“Carne” (2018) – Por Aline Wendpap
Carne. Direção: Mariana Jaspe. País de Origem: Brasil, 2018.
Carne é um curta de ficção carioca, que parte de uma discussão entre o casal de protagonistas negros, interpretados por Jeniffer Dias e Dan Ferreira, a respeito da insatisfação da garota quanto a ser apenas um pedaço de carne, pronto para o sexo.
Na cena inicial, os dois estão dentro de uma piscina, numa casa que aparenta ser de classe média alta, o que tira o filme de um lugar comum, ou seja, não mostra negros numa região ou situação periférica. Mas sim, protagonistas e bem-sucedidos, ainda que questões, como a de gênero e de raça continuem sendo pedras no caminho.

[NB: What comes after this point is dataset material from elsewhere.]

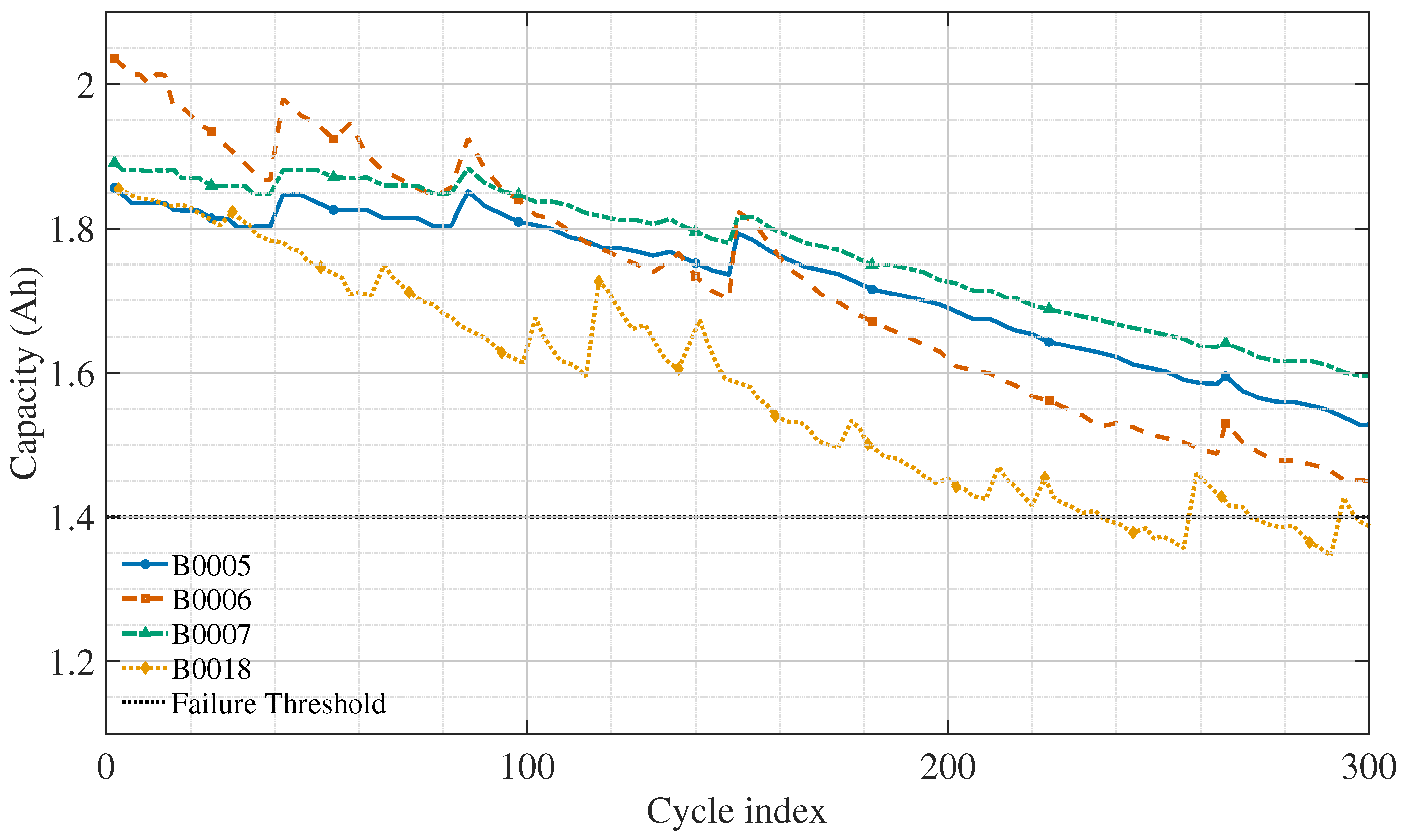 Table 2. Constant current (CC)–constant voltage (CV) charging occurs at 1.5 A to 4.2 V with a cut-off current of 20 mA. Similarly, the following cut-off voltages were obtained: 2.7 V (B0005), 2.5 V (B0006 and B0018) and 2.2 V (B0007). Furthermore, the initial capacity was found to range from 1.86 to 2.04 Ah, with an end-of-life threshold of 1.40 Ah.

A produção dirigida por Mariana Jaspe é seu trabalho de estreia e já mostra seu bom desempenho na função. Por exemplo, a sequência de abertura é empolgante, pelos bons e inusitados enquadramentos, contando inclusive com imagens aquáticas, pela luz com tom azulado, pela fotografia, pelo desenho de som e, até mesmo, pelo tempo do silêncio inicial.
O roteiro também surpreende, pelo rumo inesperado da trama, que começa despretensiosamente, num tom leve que poderia desaguar em um romance, ainda que bem politizado, pelo tom dos diálogos, que contém pontuações sobre gênero e raça bastante reflexivos. Aliás, o trabalho dos atores é um dos pontos altos do curta, pois, vemos em tela um ato político, com uma mulher empoderada e linda, que não se deixa ser apenas carne e um jovem negro que segue o padrão boizinho em busca de curtição.

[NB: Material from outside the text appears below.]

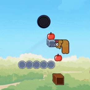 1、向左把石头顶下去,踩在石头上向上吃掉苹果

O filme desliza, em na minha opinião, na caracterização da criança macabra/entidade, Àmân, que conduz a moça para a floresta. Apesar deste ser o ponto de virada do filme, a guinada é um tanto quanto brusca e talvez até tosca, na medida em que, o filme flertava bem com o suspense, prenunciado pelos sons ouvidos pela garota durante seu diálogo com o rapaz na piscina. No entanto, quando Àmân aparece e a câmera se aproxima vemos uma criança de pijamas e pantufas, com uma maquiagem esquisita e unhas postiças muito estranhas, que talvez seja o que dá mais medo, porém as pérolas no rosto não convencem e fazem com que o filme descambe para o trash. Todavia, como isso não parece ser assumido completamente pela direção (por toda a lição moral contida), o espectador pode ficar perdido, sem saber exatamente qual a intenção da produção com isso.

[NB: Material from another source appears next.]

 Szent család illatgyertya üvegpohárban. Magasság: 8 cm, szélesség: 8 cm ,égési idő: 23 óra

Ainda que tenha alguns tropeços este é um filme que vale a pena ser visto, comentado e debatido, porque traz em si várias situações e problematizações pertinentes não apenas ao fazer cinematográfico brasileiro, mas sobretudo à cultura e à sociedade contemporânea, onde infelizmente, como diria Elza Soares, “a carne mais barata do mercado é carne negra”.
* Texto escrito a partir da programação (mostra competitiva) da 3ª Mostra de Cinema Negro de Mato Grosso, em Cuiabá (MT), ocorrida no período de 09 a 11 de novembro de 2018.
** Aline Wendpap é doutora em Estudos de cultura contemporânea, crítica de cinema, mãe do Emanuel e apaixonada pelas artes.